A Parkinson’s-focused precision medicine tech company has presented the results of its research with Sheffield’s Neurology Academy, demonstrating how digital transformation stands to improve management of Parkinson’s for patients whilst enabling providers to better target care.
Kinetikos Health has developed a suite of digital tools called Kinetikos4PD, including a medical-grade platform for healthcare professionals and a phone app for those living with Parkinson’s. Together, they allow clinicians to better manage treatment programmes and provide individuals with more control and visibility into how their condition is being treated.
The presentation brought together a select audience of researchers and healthcare professionals, including Dr Richard Genever and Sue Thomas from the Neurology Academy, alongside representatives from the Yorkshire & Humber AHSN, Parkinson’s UK, Sheffield Care Commissioning Group, Advanced Wellbeing Research Centre and Healthwatch.

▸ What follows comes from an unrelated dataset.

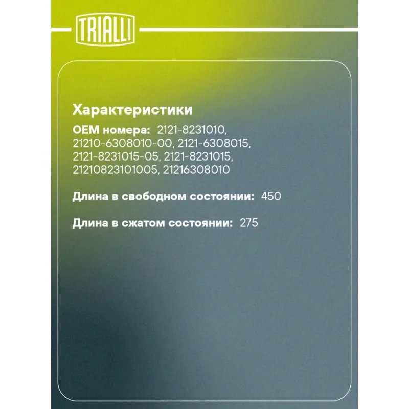 Амортизатор (упор) задней двери для автомобиля Лада 2104/2121 Характеристики: Артикул: GS 0101 OEM номера: 21210-8231010-05, 2121-8231010, 2121-6308010, 21210-6308010-00, 2121-6308015, 2121-8231015-05, 2121-8231015 Товарная линейка: BLACK Количество на автомобиль: 2 Гарантийный срок: 2 года / 60 000 км Длина в свободном состоянии: 450 Длина в сжатом состоянии: 275 Ход поршня: 175 Усилие в точке P3: 280 Подходит для авто: ВАЗ 2104, 2104, 2121, 2131, 21213, 2110, 2110, 2111, 2112, 2104, 2121, 2131, 2131, 21213, 21214 Для проверки применяемости отправьте VIN автомобиля через вкладку "Есть вопросы о товаре?" Комплектация: Амортизатор (упор) задней двери - 1 шт Гарантия: от 1 года.

Pedro Teixeira of Kinetikos Health said” “Our platform offers significant benefits, from early detection when a patient’s condition changes, to tracking whether someone is taking their medication. For individuals with Parkinson’s, we believe it is very powerful to have access to this real-time data.

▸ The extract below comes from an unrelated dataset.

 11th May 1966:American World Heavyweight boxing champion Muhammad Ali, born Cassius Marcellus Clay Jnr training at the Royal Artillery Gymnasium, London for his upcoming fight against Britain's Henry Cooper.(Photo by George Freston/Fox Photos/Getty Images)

“The Kinetikos Health platform also allows clinicians to prioritise patients for follow-up, which is an important part of how we can help healthcare providers allocate resources more efficiently,” Teixeira continued. “We believe that by enabling better shared decision making between clinicians and the individuals they treat, we can improve outcomes.”
“This was a brilliant opportunity to present the benefits of the digital app to the range of people and organisations involved in Parkinson’s management across South Yorkshire and Bassetlaw ICS,” said Sue Thomas, a healthcare consultant for the Neurology Academy. “This includes those living with the condition, as well as consultants, specialist nurses, commissioners, providers, AHSN, and academics from the Universities of Sheffield and Hallam. It was agreed digital technology could improve patient outcomes as well as increasing service capacity and reducing costs.”